Самое лучшее — поставить бидоны в подсобное помещение при лавке, и Слава согласился бы, если бы не два покушения на керосин по дороге.

— Нет, нет, поставим в амбар у Астаховых.

Свернули во двор Астаховых. Слава забежал в кухню, позвал Федосея, Павел Федорович сам вышел открыть амбар, сняли бидоны, поездка в Орел за керосином окончена.

Слава не в силах был даже проститься со своими спутниками, ухватился за руку выбежавшей ему навстречу Веры Васильевны, и мама повела его в дом, как маленького.

— Скорее, скорее, ты совсем закоченел…

Мама раздевала, Петя расшнуровывал ботинки, а Слава плохо понимал, что с ним, так сильно его трясло.
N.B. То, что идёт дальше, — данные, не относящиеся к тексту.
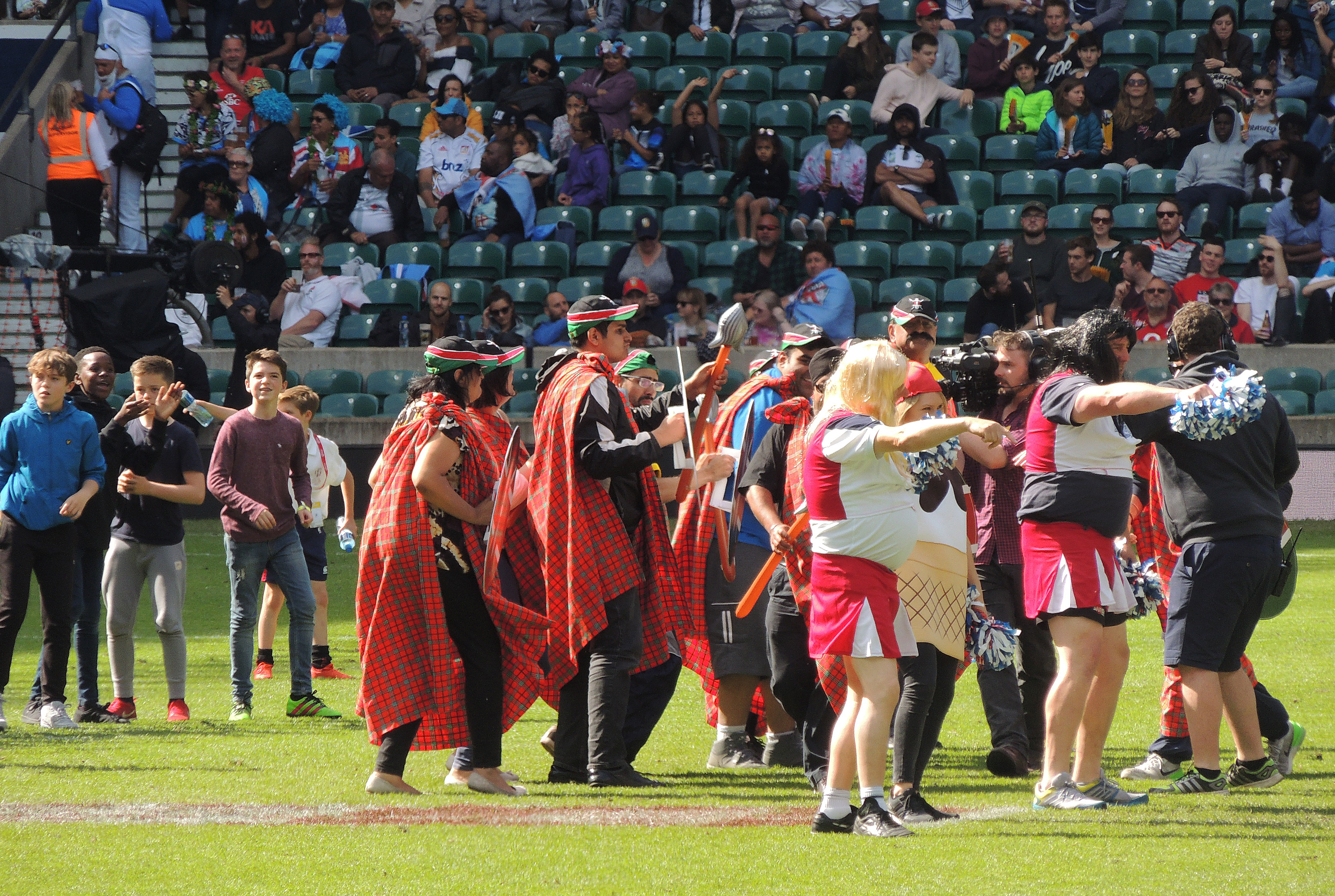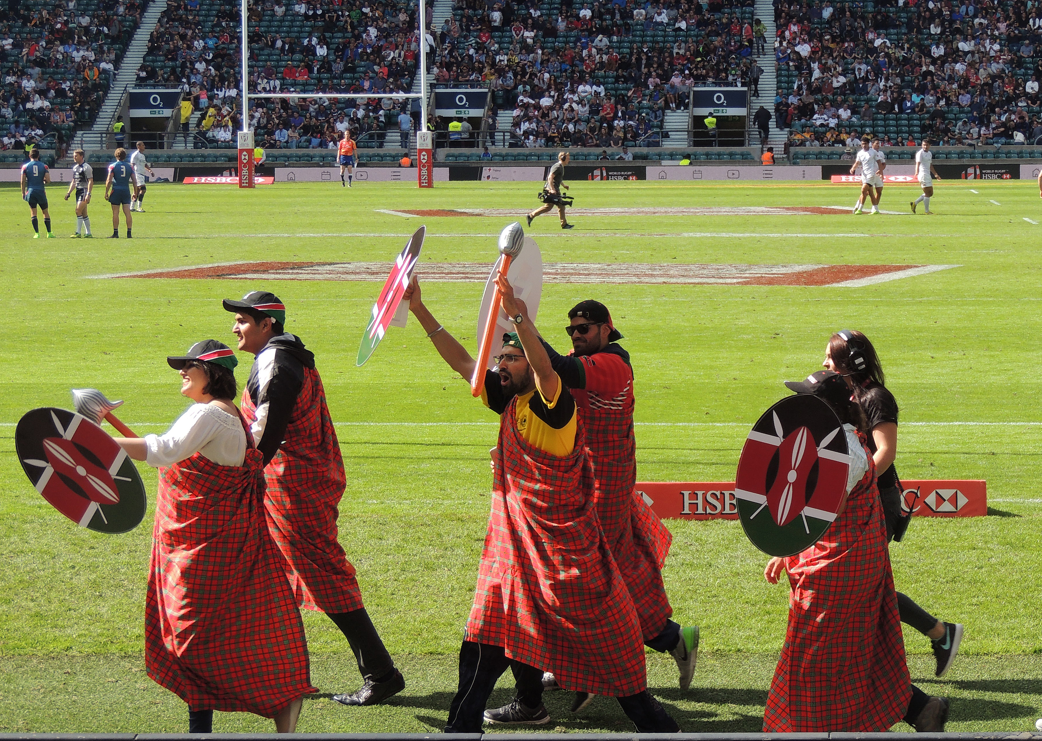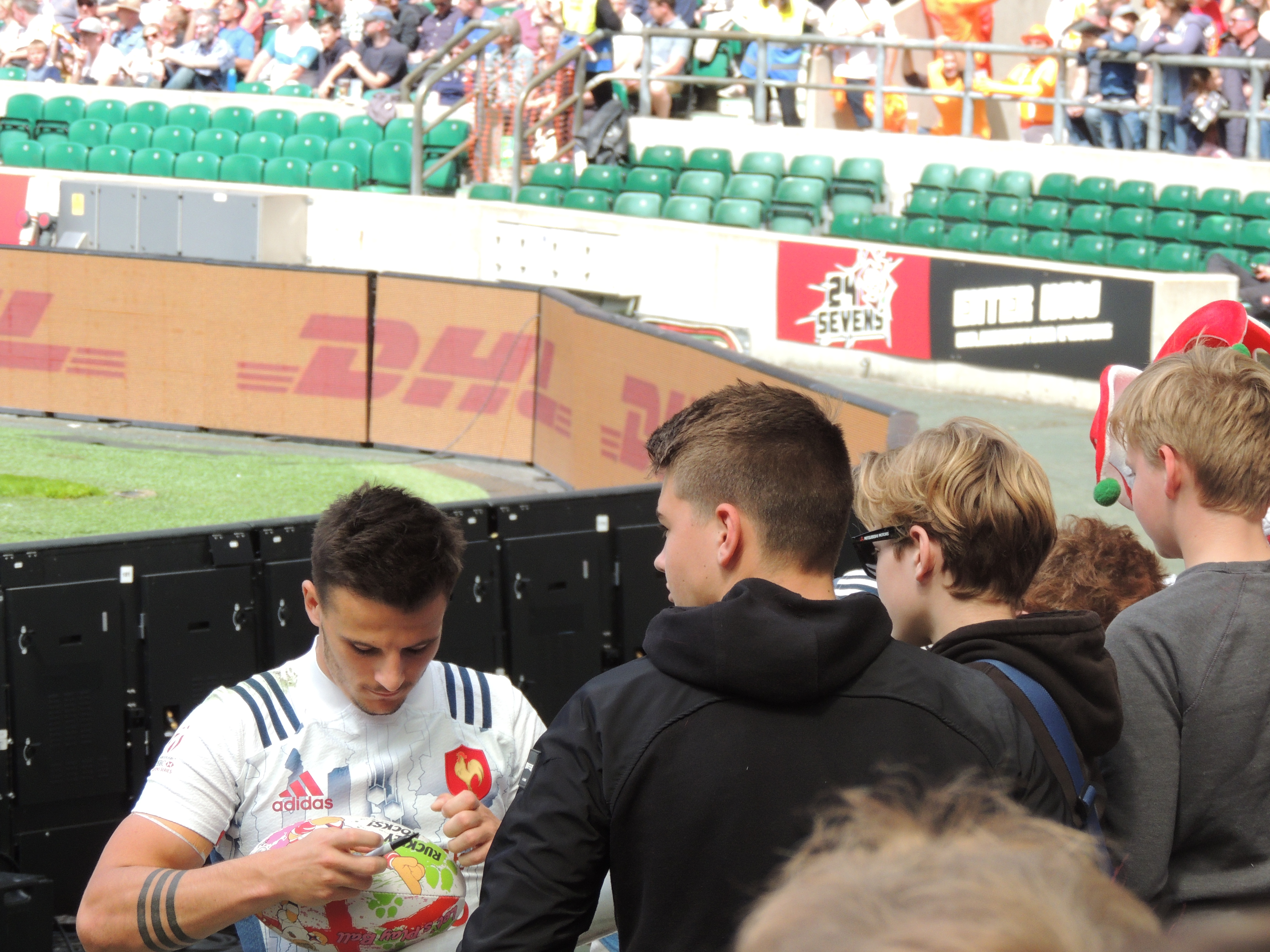 Twickenham Stadium on a lovely dayDance CompetitionFancy dress has always been part of the occasionHere come the Girls!No opportunity for merchandising is missed – the ball carrierA French player signs autographs for fans

Его уложили в кровать, Петя накрыл одеялами…

— До чего ж я за тебя беспокоилась, — приговаривала мама. — Такой неожиданный мороз, а ты…

Принесла горячего молока.

— Лишь бы не воспаление, пей, у меня есть немного меда… — Положила в молоко меда, поила Славу, велела Пете растирать брату ноги.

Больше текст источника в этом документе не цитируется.